Task to carry out » In the records below, find the line containing "Compatible: The wiring" and print it and every line after it exactly, through the end. Skip pictures.

=== Task material ===

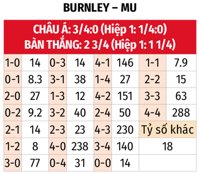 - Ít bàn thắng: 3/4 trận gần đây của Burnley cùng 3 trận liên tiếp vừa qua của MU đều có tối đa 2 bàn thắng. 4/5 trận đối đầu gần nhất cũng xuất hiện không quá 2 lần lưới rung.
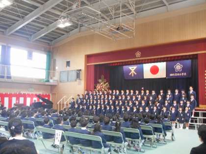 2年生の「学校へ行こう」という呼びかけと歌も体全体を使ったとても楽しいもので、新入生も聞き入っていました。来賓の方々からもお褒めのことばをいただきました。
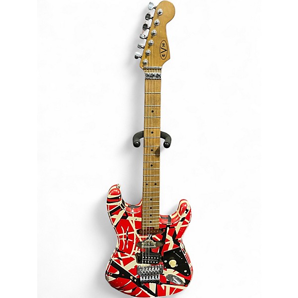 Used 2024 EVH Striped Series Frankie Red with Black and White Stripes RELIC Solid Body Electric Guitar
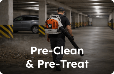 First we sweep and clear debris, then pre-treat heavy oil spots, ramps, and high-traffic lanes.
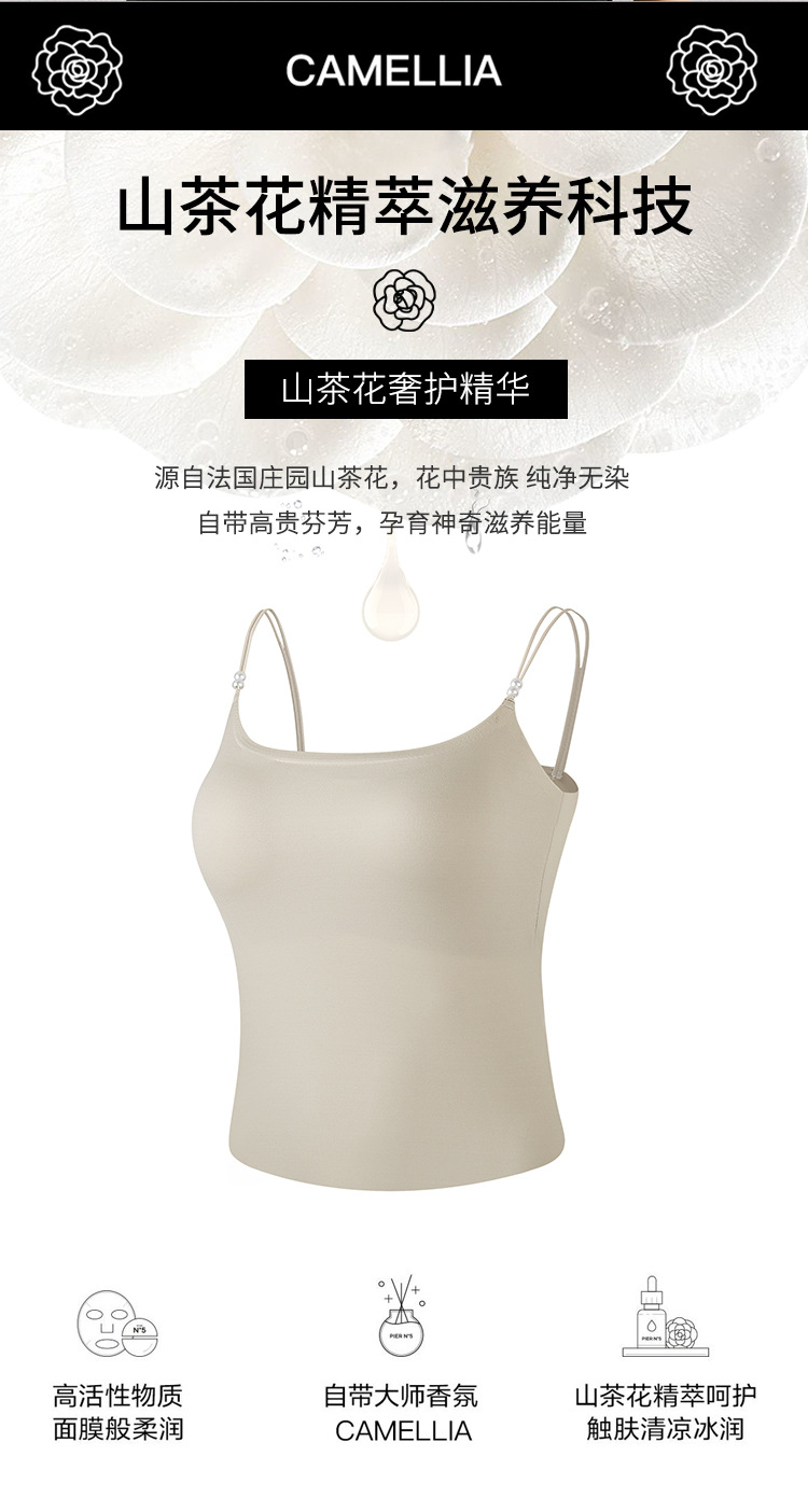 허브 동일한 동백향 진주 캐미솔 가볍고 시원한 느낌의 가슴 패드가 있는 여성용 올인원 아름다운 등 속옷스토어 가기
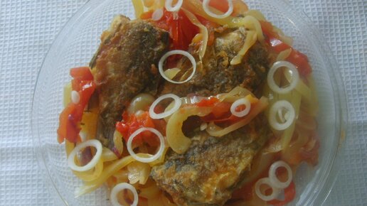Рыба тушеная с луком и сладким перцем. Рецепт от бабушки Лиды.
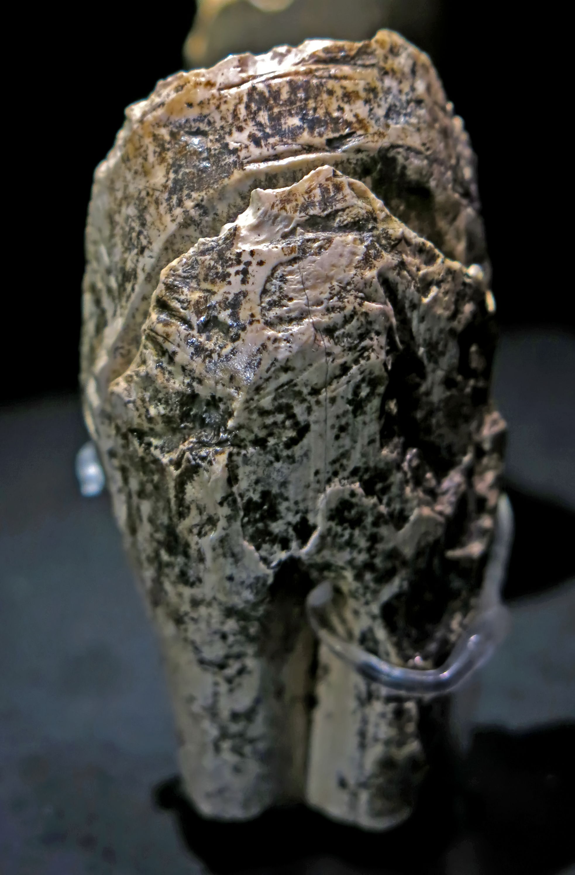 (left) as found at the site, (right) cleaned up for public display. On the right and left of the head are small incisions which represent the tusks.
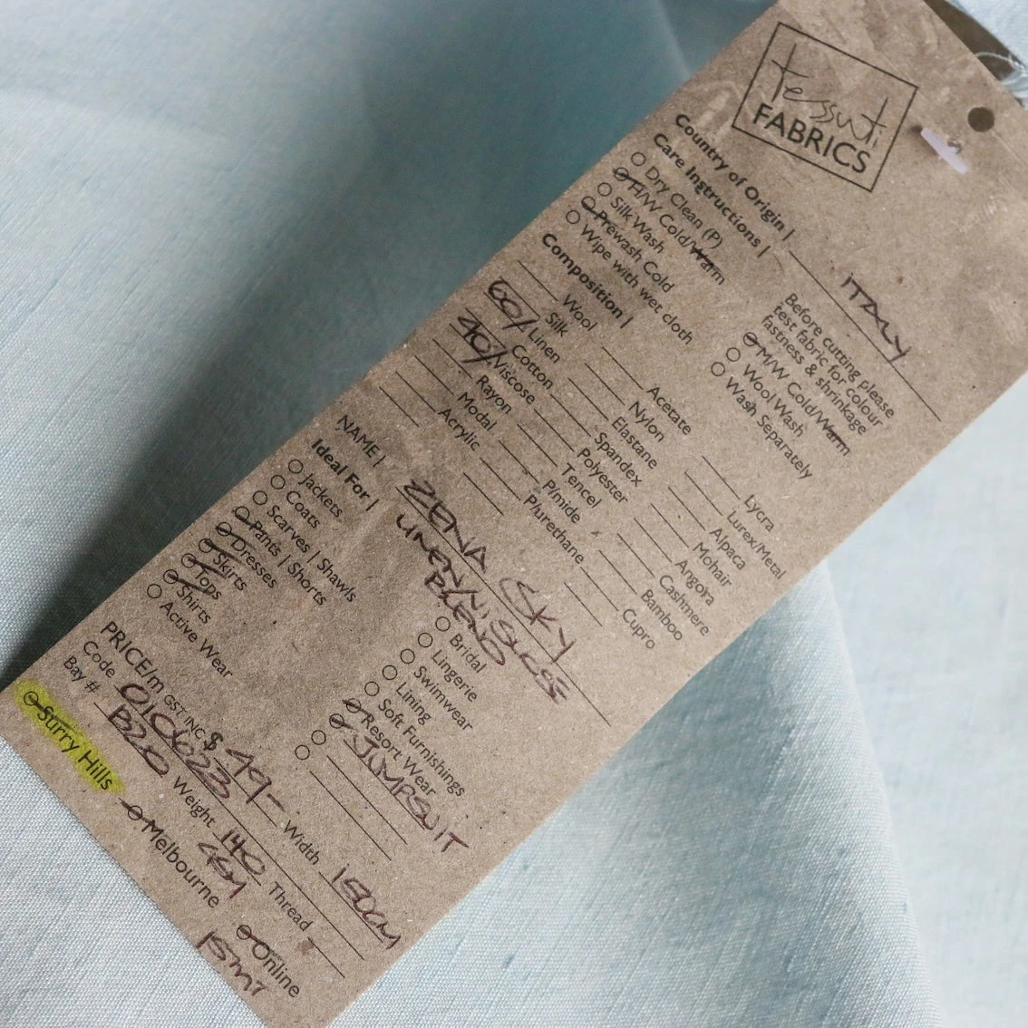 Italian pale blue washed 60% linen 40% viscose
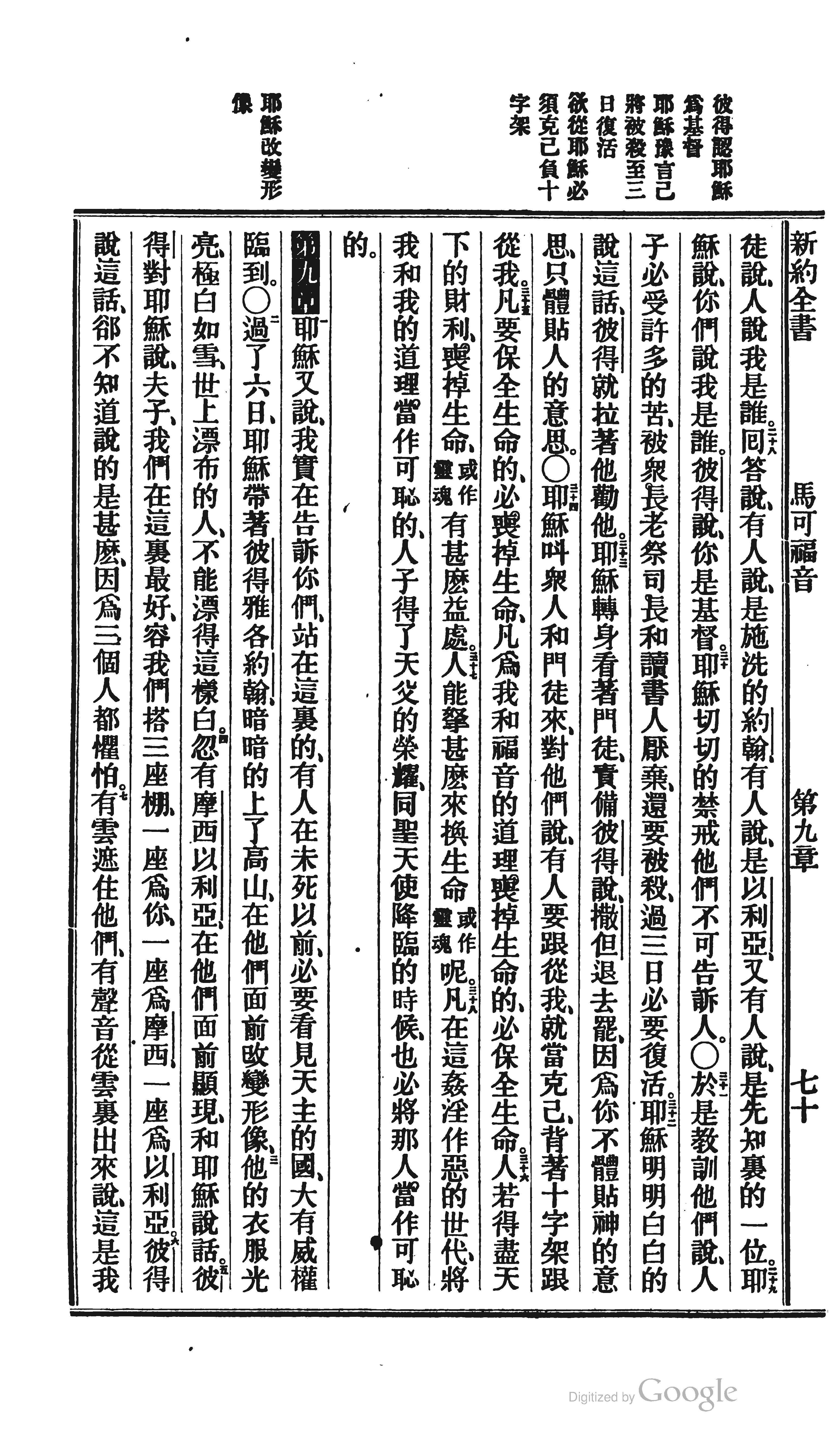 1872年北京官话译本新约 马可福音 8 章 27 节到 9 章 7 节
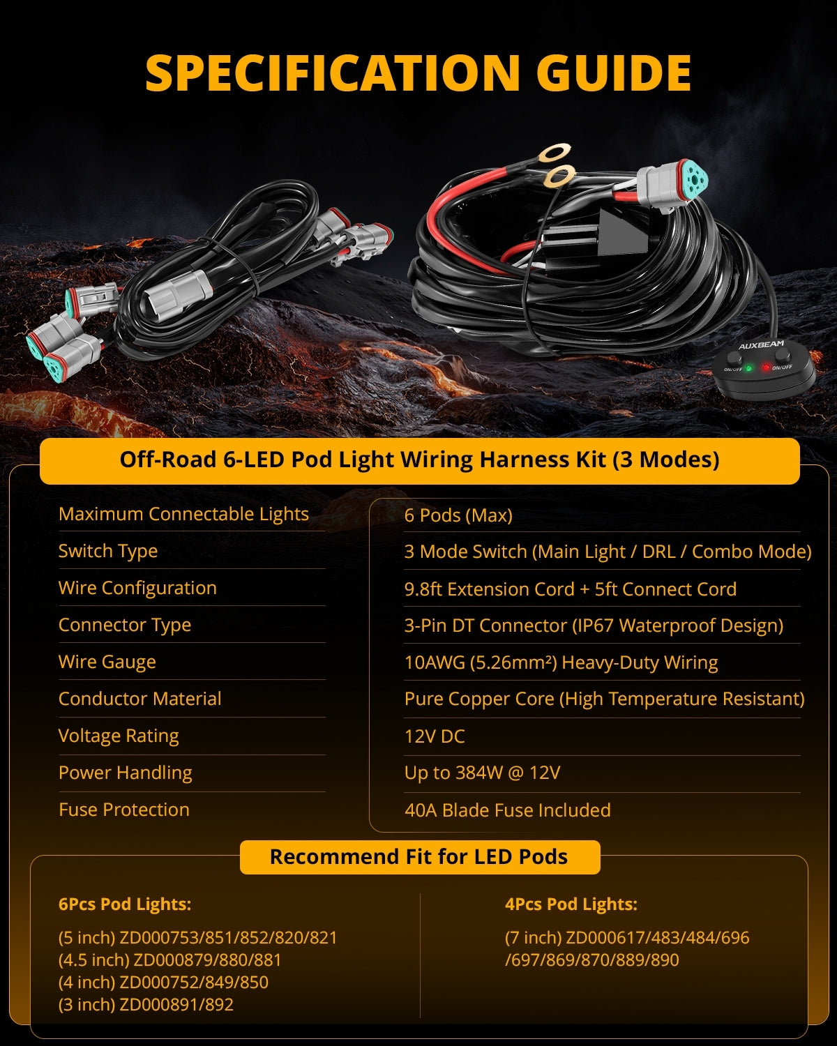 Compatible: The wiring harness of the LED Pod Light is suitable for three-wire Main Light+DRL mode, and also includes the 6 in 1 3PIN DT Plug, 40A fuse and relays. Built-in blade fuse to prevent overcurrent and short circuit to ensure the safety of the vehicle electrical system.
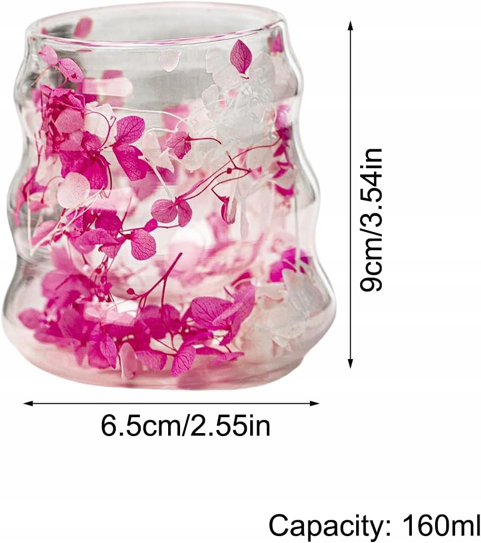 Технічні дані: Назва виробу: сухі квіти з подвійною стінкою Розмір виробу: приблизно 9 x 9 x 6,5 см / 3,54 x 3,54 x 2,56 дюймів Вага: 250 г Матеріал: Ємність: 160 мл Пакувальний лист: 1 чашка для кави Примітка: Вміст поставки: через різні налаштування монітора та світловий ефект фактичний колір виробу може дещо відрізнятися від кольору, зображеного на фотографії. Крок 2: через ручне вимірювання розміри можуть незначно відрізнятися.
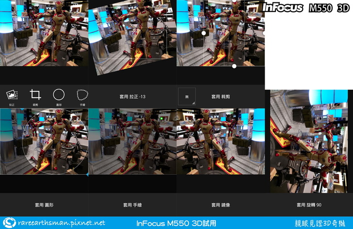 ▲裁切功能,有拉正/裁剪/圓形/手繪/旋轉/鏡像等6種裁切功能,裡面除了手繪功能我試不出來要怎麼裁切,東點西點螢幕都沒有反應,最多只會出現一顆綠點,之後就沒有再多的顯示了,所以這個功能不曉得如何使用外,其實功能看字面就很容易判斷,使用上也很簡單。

===

Output »
 Compatible: The wiring harness of the LED Pod Light is suitable for three-wire Main Light+DRL mode, and also includes the 6 in 1 3PIN DT Plug, 40A fuse and relays. Built-in blade fuse to prevent overcurrent and short circuit to ensure the safety of the vehicle electrical system.
 Технічні дані: Назва виробу: сухі квіти з подвійною стінкою Розмір виробу: приблизно 9 x 9 x 6,5 см / 3,54 x 3,54 x 2,56 дюймів Вага: 250 г Матеріал: Ємність: 160 мл Пакувальний лист: 1 чашка для кави Примітка: Вміст поставки: через різні налаштування монітора та світловий ефект фактичний колір виробу може дещо відрізнятися від кольору, зображеного на фотографії. Крок 2: через ручне вимірювання розміри можуть незначно відрізнятися.
 ▲裁切功能,有拉正/裁剪/圓形/手繪/旋轉/鏡像等6種裁切功能,裡面除了手繪功能我試不出來要怎麼裁切,東點西點螢幕都沒有反應,最多只會出現一顆綠點,之後就沒有再多的顯示了,所以這個功能不曉得如何使用外,其實功能看字面就很容易判斷,使用上也很簡單。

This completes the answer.